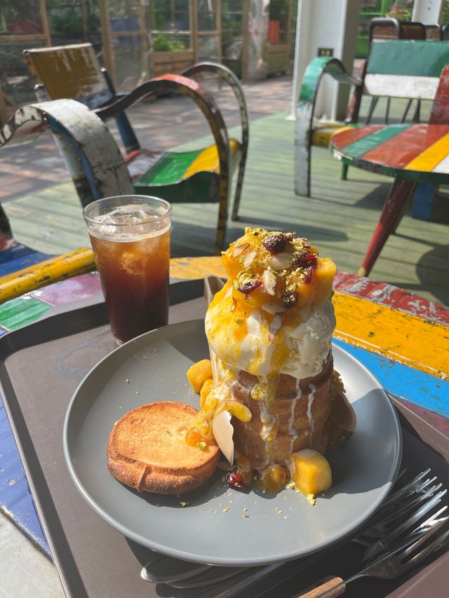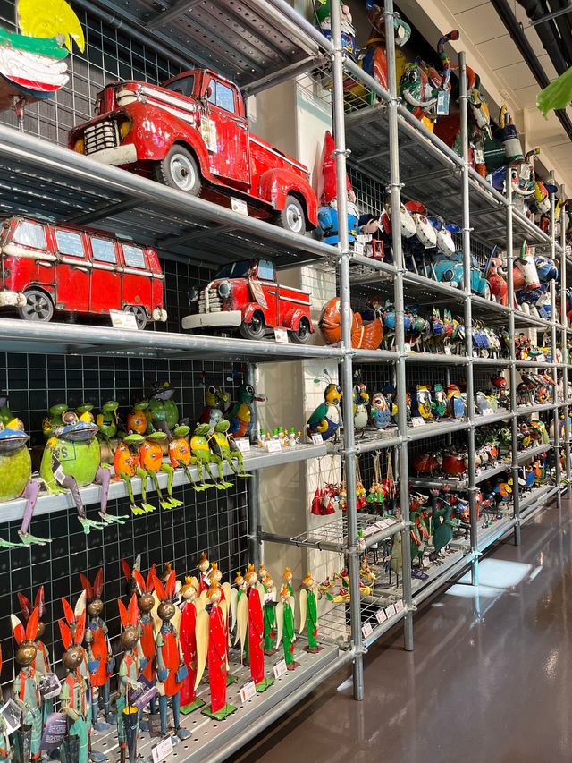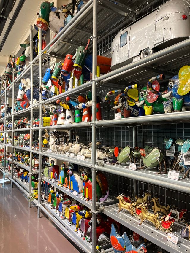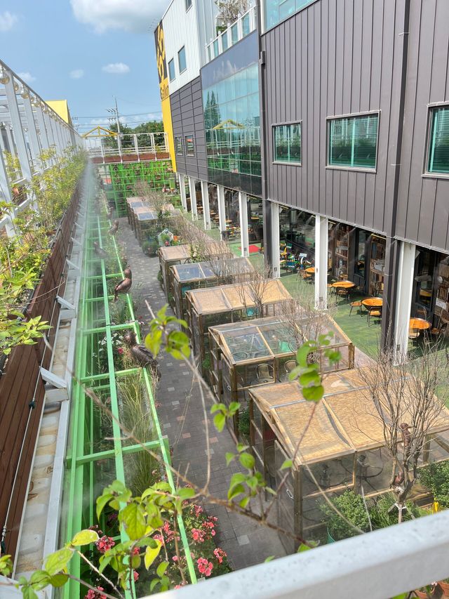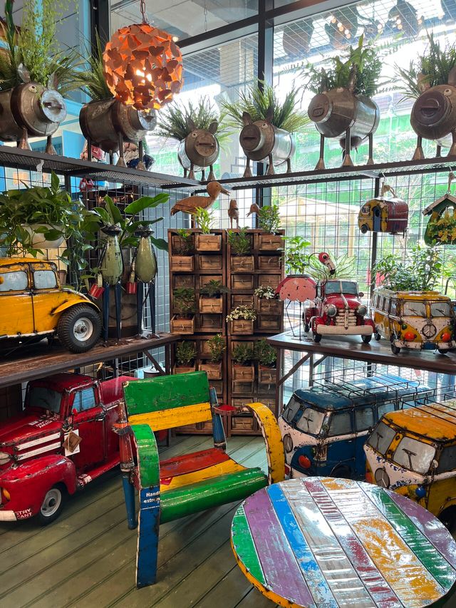 카페 내부는 예술 작품처럼 꾸며진 업사이클링 소재로 가득합니다. 철제 드럼통과 낡은 목재, 톱니바퀴 등이 조화를 이루며, 식물들과 어우러져 차가움과 싱그러움의 대비를 보여줍니다. 식물이 벽과 천장을 장식하여 살아 있는 느낌을 주며, 감각적인 공간을 만들어냅니다.
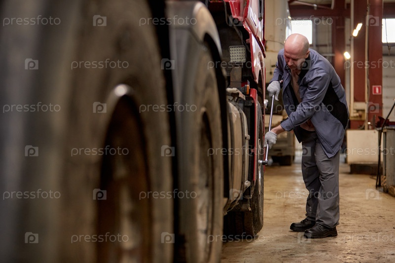 Работник по техническому обслуживанию ремонтирует грузовик в промышленном гараже
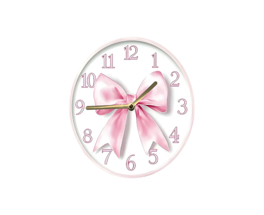This kids wall clock features a pink ribbon themed design with a 3D look created through high-definition 2D printing. Made from durable MDF and measuring 33 cm in diameter, it includes a silent mechanism for quiet everyday use. Ideal for children rooms, it adds a soft decorative touch while helping kids learn to tell time.
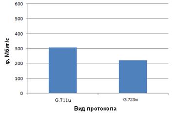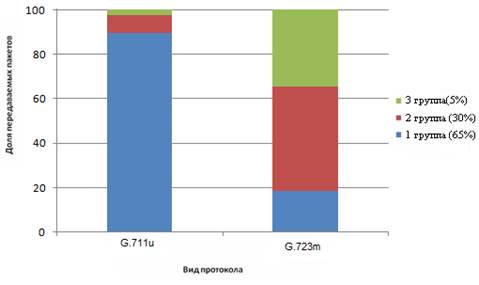 Из графика видно, что для передачи информации одного объема, необходима различная полоса пропускания, в данном случае при использовании кодека G.711uс длиной пакета 160 бит необходима большая полоса пропускания, чем при использовании кодека G.723mс длиной пакета 15.7 бит.

Task goal
Exactly the lines from the line that contains "This kids wall" through the last line above, and no other lines, must be output, with pictures excluded.

Response to this exercise
This kids wall clock features a pink ribbon themed design with a 3D look created through high-definition 2D printing. Made from durable MDF and measuring 33 cm in diameter, it includes a silent mechanism for quiet everyday use. Ideal for children rooms, it adds a soft decorative touch while helping kids learn to tell time.
 Из графика видно, что для передачи информации одного объема, необходима различная полоса пропускания, в данном случае при использовании кодека G.711uс длиной пакета 160 бит необходима большая полоса пропускания, чем при использовании кодека G.723mс длиной пакета 15.7 бит.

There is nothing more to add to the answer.